The sample solution is called filter_wanted_ids.py, and the output should be:

$ python filter_wanted_id.py
3 records selected out of 39031

Advanced Exerise: Modify this to read the list of wanted identifiers from a plain text input file (one identifier per line).

Advanced Exerise: What is the advatage of using a Python set instead of a Python list for the wanted identifiers?

Discussion: What happens if a wanted identifier is not in the input file? What happens if an identifer appears twice? What order is the output file?

Selecting by record name

In the previous example, we used SeqIO.parse(...) to loop over the input FASTA file. This means the output order will be dictated by the input sequence file's order. What if you want the records in the specified order (regardless of the order in the FASTA file)?

In this situation, you can't make a single for loop over the FASTA file. For a tiny file you could load everything into memory (e.g. as a Python dictionary), but that won't work on larger files.

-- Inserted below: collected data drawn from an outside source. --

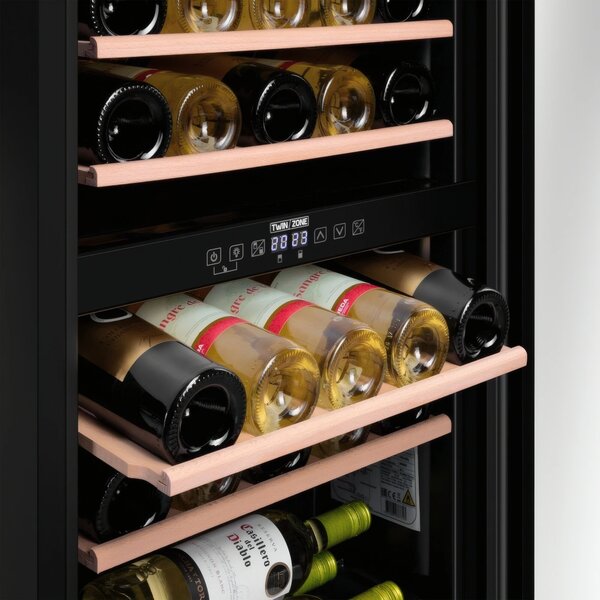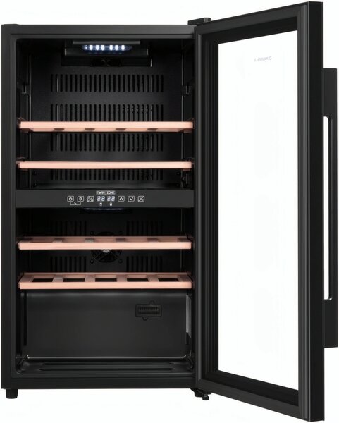 - Шкаф имеет две зоны, для каждой из них можно задать свой режим охлаждения — это актуально для тех, кто планирует хранить дома разные виды напитка: красное, белое, шампанское.
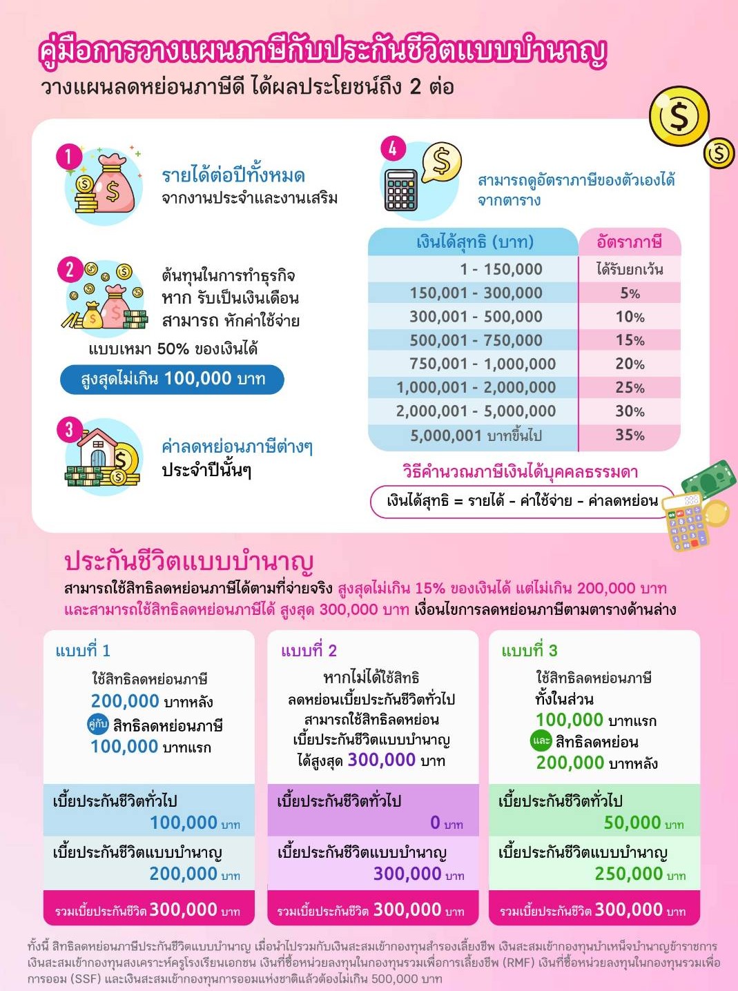 พร้อมเบี้ยประกันนำไปลดหย่อนภาษีได้ 200,000 บาท สูงสุด 300,000 บาท (กรณีไม่ใช้สิทธิ์ลดหย่อนภาษี 100,000 บาทแรก)
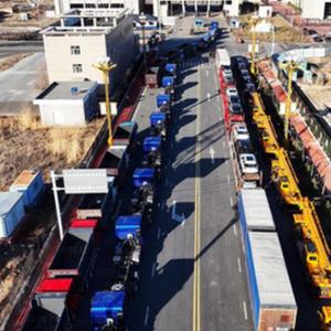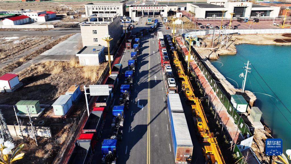 3月29日,来自哈萨克斯坦的货车和即将出口的车辆在巴克图口岸执勤民警引导下有序出境(无人机照片)。
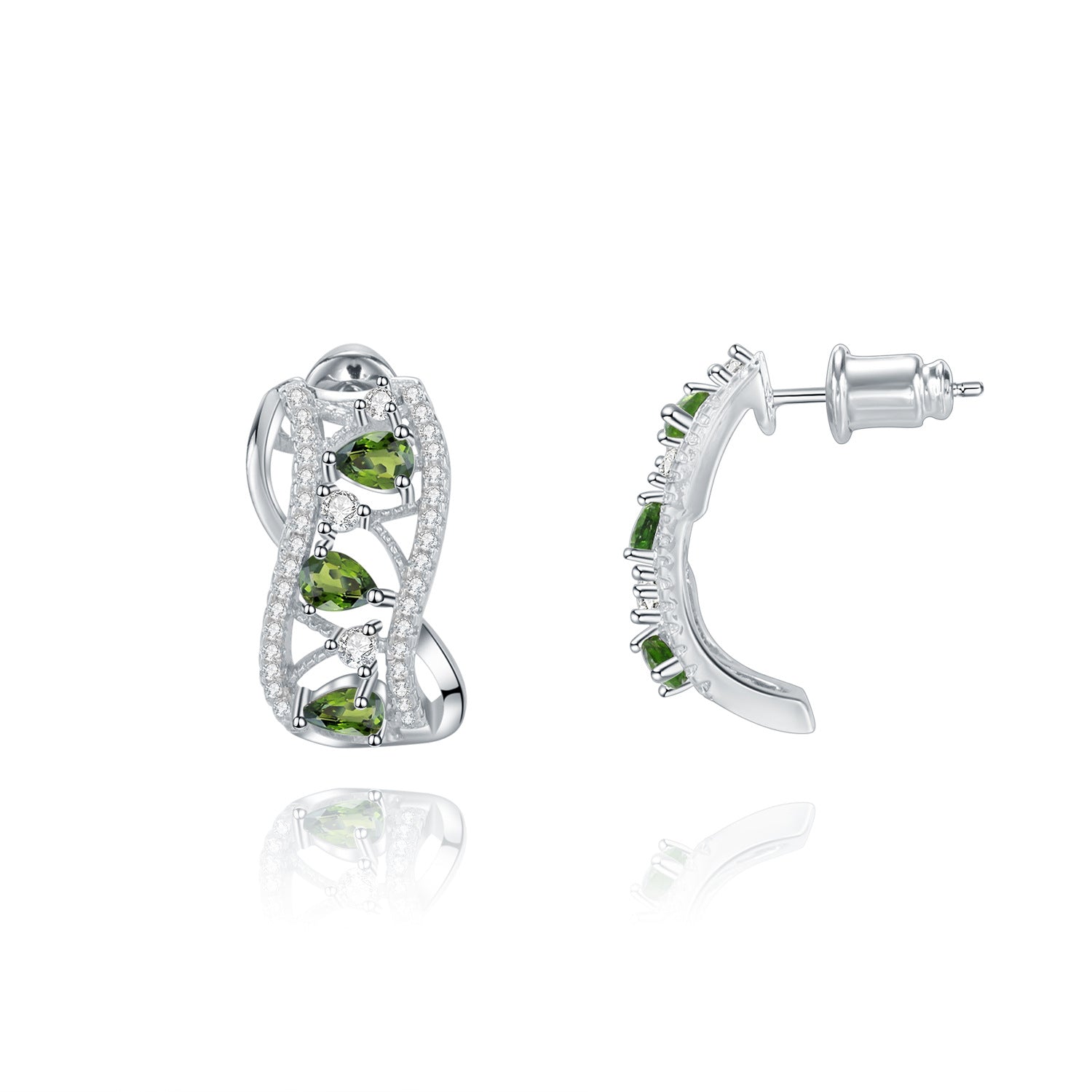 These beautiful C Shape Wave Stud Earrings are crafted from sterling silver and set with pear shape Natural Diopside. for a truly unique look and feel. Perfect for adding a touch of elegance to any outfit. these earrings are sure to make a stylish statement.
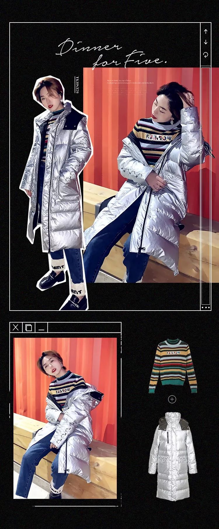 亮面银增加未来感,随意搭配各种风格,撞色内搭,秀出个性~穿出独有气质,羽绒服采用银色光泽感面料,极富现代感的同时亦有个性色彩,散落再袖间的点点星光——刺绣+铆钉装饰,采用平绣加金银绣工艺,梦幻灵动,羽绒服内填80%白鸭绒,超长款精致设计,让这个冬天永无暗淡。
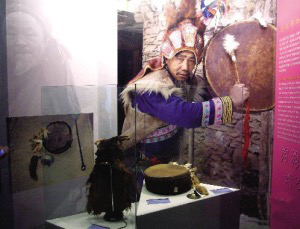 在民族文化宫的展览中,有一幅大照片——一位老释比,手拿羊皮鼓,头戴猴皮帽,表情庄严、凝重。那正是释比传人朱金龙。朱金龙这次也来到了北京,把他祖祖辈辈传下来的释比文化展现给北京的观众。
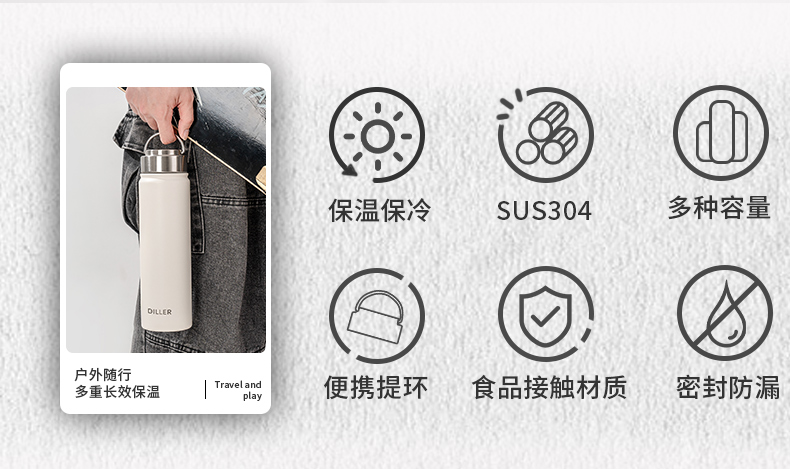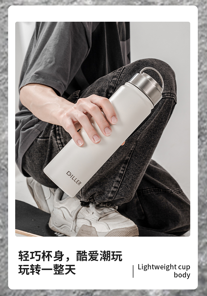 商品名称:迪乐贝尔新品成人保温杯秋冬款高颜值保温杯304不锈钢大容量提环杯礼品商务直饮杯包邮

Instead, we can use Biopython's SeqIO.index(...) function which lets us treat a sequence file like a Python dictionary:

>>> from Bio import SeqIO
>>> filename = "PGSC_DM_v3.4_pep_representative.fasta"
>>> fasta_index = SeqIO.index(filename, "fasta")
>>> print(str(len(fasta_index)) + " records in " + filename)
>>> "PGSC0003DMP400019313" in fasta_index
True
>>> record = fasta_index["PGSC0003DMP400019313"]
>>> print(record)
ID: PGSC0003DMP400019313
Name: PGSC0003DMP400019313
Description: PGSC0003DMP400019313 PGSC0003DMT400028369 Protein
Number of features: 0
Seq('MSKSLYLSLFFLSFVVALFGILPNVKGNILDDICPGSFFPPLCFQMLRNDPSVS...LK*', SingleLetterAlphabet())

Exercise: Write a new version of your count_fasta.py script using SeqIO.index(...) instead of SeqIO.parse(...) and a for loop. Which is faster?

Exercise: Complete the following script by using SeqIO.index(...) to make a FASTA file with records of interest in the given order:

from Bio import SeqIO
wanted_ids = ["PGSC0003DMP400019313", "PGSC0003DMP400020381", "PGSC0003DMP400020972"]
input_filename = "PGSC_DM_v3.4_pep_representative.fasta"
output_filename = "wanted_potato_proteins_in_order.fasta"
fasta_index = SeqIO.index(input_filename, "fasta")
count = 0
total = # Your code here, get total from fasta_index
output_handle = open(output_filename, "w")
for identifier in wanted_ids:
    # ...
    # Your code here, get the record for the identifier, and write it out
    # ...
output_handle.close()
print(str(count) + " records selected out of " + str(total))

I called this script filter_wanted_id_in_order.py and the output should be:

$ python filter_wanted_id_in_order.py
3 records selected out of 39031

Now compare the outfile files from the two approaches:

$ grep "^>" wanted_potato_proteins.fasta
>PGSC0003DMP400020381 PGSC0003DMT400029984 Protein
>PGSC0003DMP400020972 PGSC0003DMT400030871 Protein
>PGSC0003DMP400019313 PGSC0003DMT400028369 Protein
$ grep "^>" wanted_potato_proteins_in_order.fasta
>PGSC0003DMP400019313 PGSC0003DMT400028369 Protein
>PGSC0003DMP400020381 PGSC0003DMT400029984 Protein
>PGSC0003DMP400020972 PGSC0003DMT400030871 Protein

The second file has the order specified in the Python list.